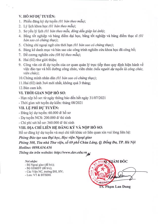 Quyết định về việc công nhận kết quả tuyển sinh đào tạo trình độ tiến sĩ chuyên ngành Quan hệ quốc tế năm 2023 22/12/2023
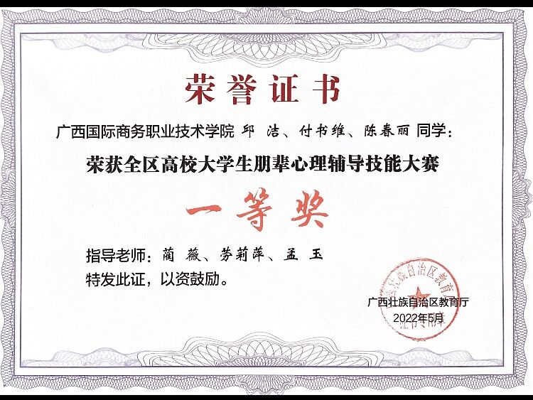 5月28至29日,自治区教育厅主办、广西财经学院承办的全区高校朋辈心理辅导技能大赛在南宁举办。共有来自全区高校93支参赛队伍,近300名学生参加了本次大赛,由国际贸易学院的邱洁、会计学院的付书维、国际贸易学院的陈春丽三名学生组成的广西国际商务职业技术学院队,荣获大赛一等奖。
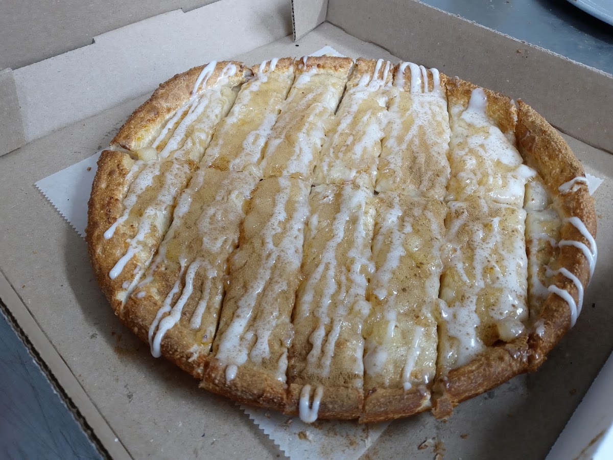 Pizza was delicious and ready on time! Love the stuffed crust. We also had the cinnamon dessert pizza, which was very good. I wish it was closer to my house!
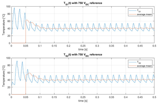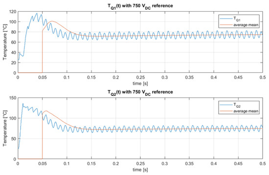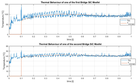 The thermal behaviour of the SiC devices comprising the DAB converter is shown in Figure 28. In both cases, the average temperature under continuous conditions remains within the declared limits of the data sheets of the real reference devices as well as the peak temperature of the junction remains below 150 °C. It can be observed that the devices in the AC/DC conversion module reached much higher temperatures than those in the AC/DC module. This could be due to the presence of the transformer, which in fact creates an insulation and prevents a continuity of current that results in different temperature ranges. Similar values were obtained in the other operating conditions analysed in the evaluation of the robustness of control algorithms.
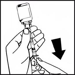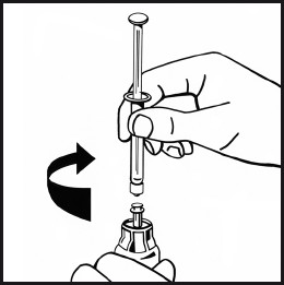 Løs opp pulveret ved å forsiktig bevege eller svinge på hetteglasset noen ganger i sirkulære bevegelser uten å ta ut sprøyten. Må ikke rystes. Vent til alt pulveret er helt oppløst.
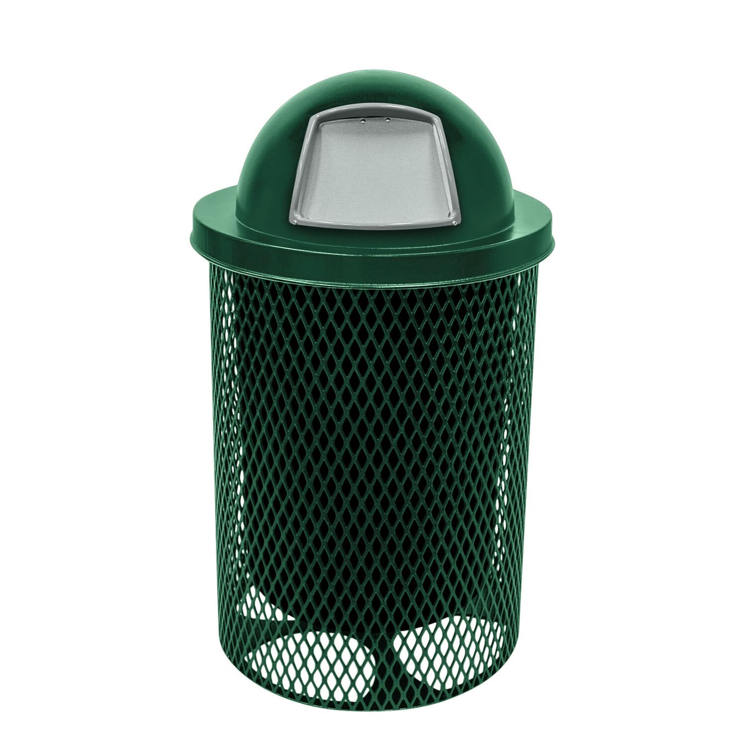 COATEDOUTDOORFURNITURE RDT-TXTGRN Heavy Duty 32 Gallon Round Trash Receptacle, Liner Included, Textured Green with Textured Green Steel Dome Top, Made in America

# [WHAT IS BEING ASKED]
Write the full listing out again with every line unchanged, but include no pictures.

# [RESULT OF THE TASK]
 Quyết định về việc công nhận kết quả tuyển sinh đào tạo trình độ tiến sĩ chuyên ngành Quan hệ quốc tế năm 2023 22/12/2023
 5月28至29日,自治区教育厅主办、广西财经学院承办的全区高校朋辈心理辅导技能大赛在南宁举办。共有来自全区高校93支参赛队伍,近300名学生参加了本次大赛,由国际贸易学院的邱洁、会计学院的付书维、国际贸易学院的陈春丽三名学生组成的广西国际商务职业技术学院队,荣获大赛一等奖。
 Pizza was delicious and ready on time! Love the stuffed crust. We also had the cinnamon dessert pizza, which was very good. I wish it was closer to my house!
 The thermal behaviour of the SiC devices comprising the DAB converter is shown in Figure 28. In both cases, the average temperature under continuous conditions remains within the declared limits of the data sheets of the real reference devices as well as the peak temperature of the junction remains below 150 °C. It can be observed that the devices in the AC/DC conversion module reached much higher temperatures than those in the AC/DC module. This could be due to the presence of the transformer, which in fact creates an insulation and prevents a continuity of current that results in different temperature ranges. Similar values were obtained in the other operating conditions analysed in the evaluation of the robustness of control algorithms.
 Løs opp pulveret ved å forsiktig bevege eller svinge på hetteglasset noen ganger i sirkulære bevegelser uten å ta ut sprøyten. Må ikke rystes. Vent til alt pulveret er helt oppløst.
 COATEDOUTDOORFURNITURE RDT-TXTGRN Heavy Duty 32 Gallon Round Trash Receptacle, Liner Included, Textured Green with Textured Green Steel Dome Top, Made in America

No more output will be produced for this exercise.